The DVDs are compressed using zisofs, and they have extra recovery data using “dvdisaster”.

Requires:

dvdisaster: http://www.dvdisaster.com

dvdisaster provides a margin of safety against data loss on CD and
DVD media caused by scratches or aging. It creates error correction
data, which is used to recover unreadable sectors if the disc becomes
damaged at a later time.

>From the packman repo. Optional, but advisable.

zisofs.

A method to create compressed cdroms or dvds that can be read transparently by the kernel. It has
been included in openSUSE for several years. See mkzftree(1). No need to install anything.

Brief description:

  1. Create the big image file on another disk via dd.

  2. Split the image on as many smaller chunks (50 MiB each) as needed. This means thousands of small
    files.

  3. Compress each chunk using zisofs.

  4. Divide all the small files on several numbered directories, so that each one will fit in one
    DVD. This would mean a size below the 4.37 GiB size of a DVD; as we need extra space for the
    recovery data, we’ll target to 3700 MiB per directory (a).

  5. Create an ISO image from each directory. This needs to be made with “mkisofs”, it is impossible
    to use a GUI (no zisofs support).

  6. Add the recovery data to each with dvdisaster (they call it “augmenting”).

Burn the ISO images, or test them first recreating the original HD image file.

Note (a) I experimented with several sizes, and a lower margins makes dvdisaster complain that it is
not enough free space for augmenting. They recommend 20% free space, but that seems too much for me,
so I targeted for 15%. See the manual of dvdisaster to make your own decision
(<file:///usr/share/doc/packages/dvdisaster/en/howtos30.html>), Or don’t use it at all if you prefer.

Why this way?

The procedure is complex. But the alternative I contemplated was using the shareware version of rar,
which can compress a huge file on several small archives of a given size, and add correction data
IIRC. So I devised this system. I’m sure that others exist.

No, the opensource ZIP can’t do it. The pkware version might.
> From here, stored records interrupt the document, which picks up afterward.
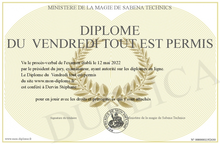 Envoyez par email votre Diplôme du Vendredi tout est permis personalisé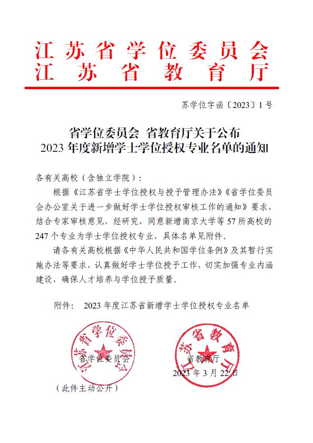 近日,省学位委员会、省教育厅联合发文公布了2023年度新增学士学位授权专业名单(苏学位字函〔2023〕1号)。我校应用心理学、数据科学与大数据技术、艺术与科技三个专业顺利获得学士学位授予权。
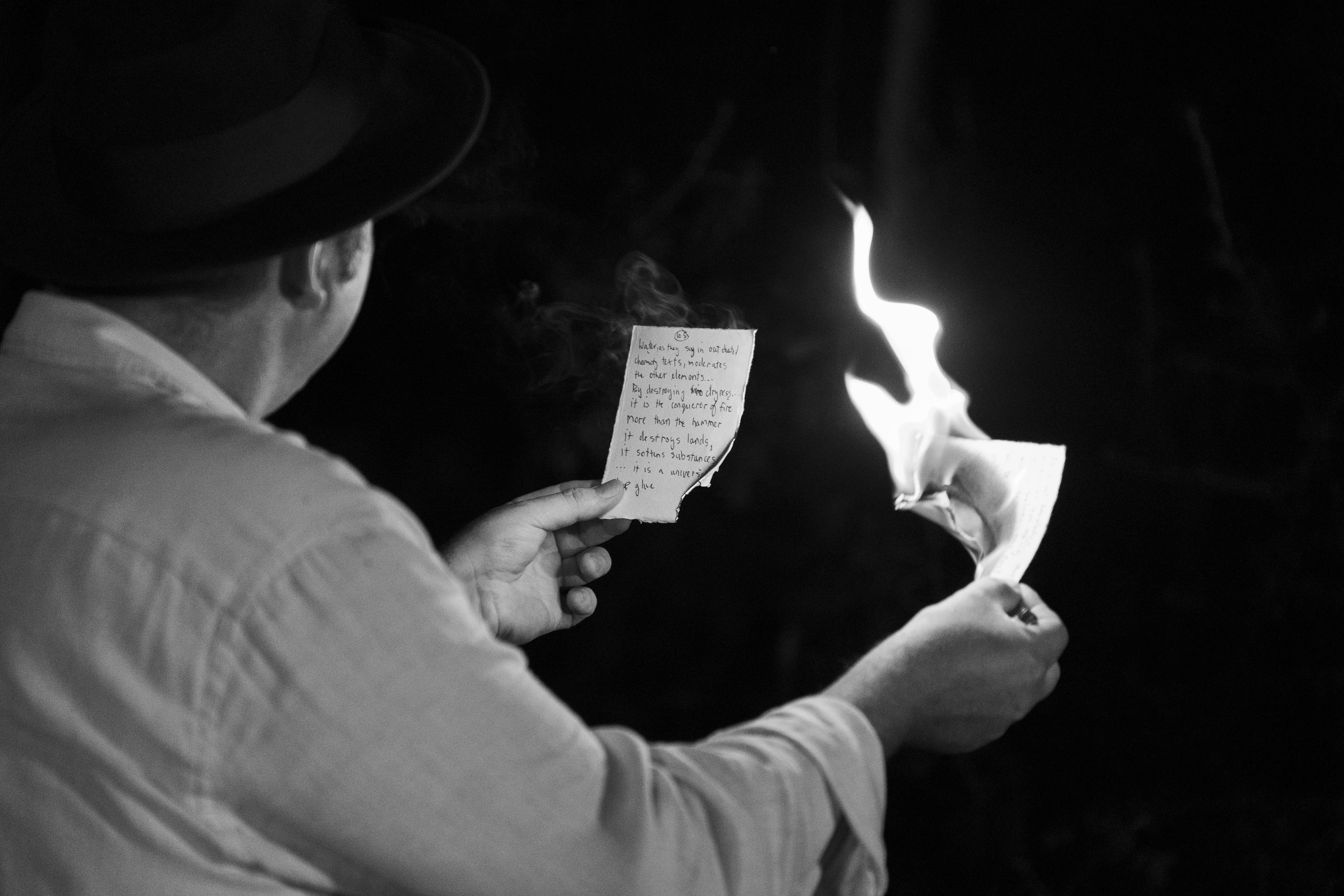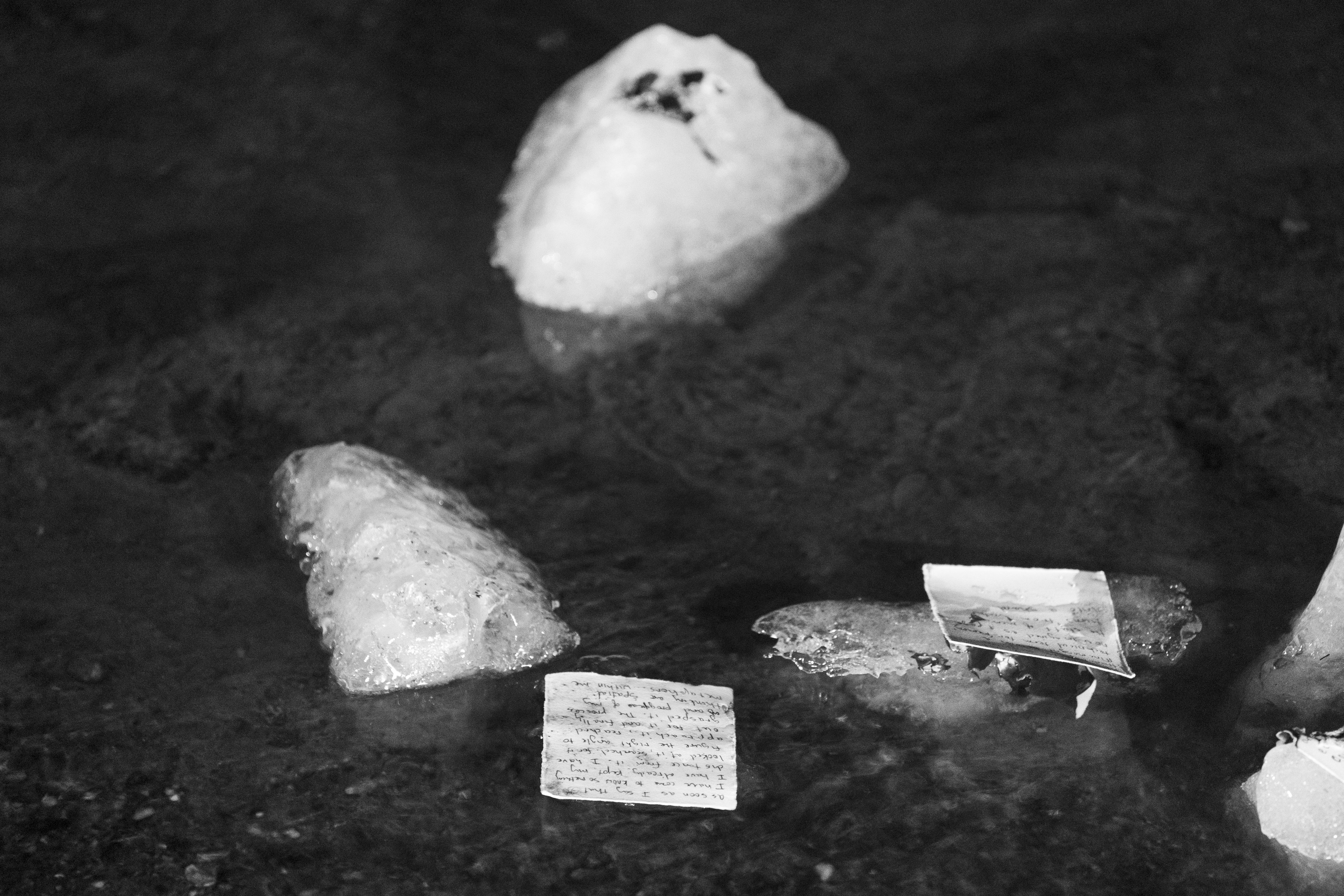 For this 10 minute site-specific performance to I recited a set of literary fragments sampled from two texts: Gaston Bachelard’s Water and Dreams and essay on the Imagination of Matter (1942), and Vladimir Illich’s H2O and the Waters of Forgetfulness: Reflections on the Historicity of ‘Stuff’ (1985). Each literary fragment was set alight as I read it and placed upon the melting blocks of ice placed in the natural spring.

Just one system more :slight_smile:

Why doing it at all?

Well, I paid for the windows 7 on this laptop, so I don’t want to waste that money. Anyway, I need
Windows because I have some hardware that is only handled by Windows (a Tom-Tom navigator). True,
the laptop has a recovery partition and a recovery dvd I made from it. But using that function
rewrites the entire HD (I tried) destroying the linux partition, and that will not do.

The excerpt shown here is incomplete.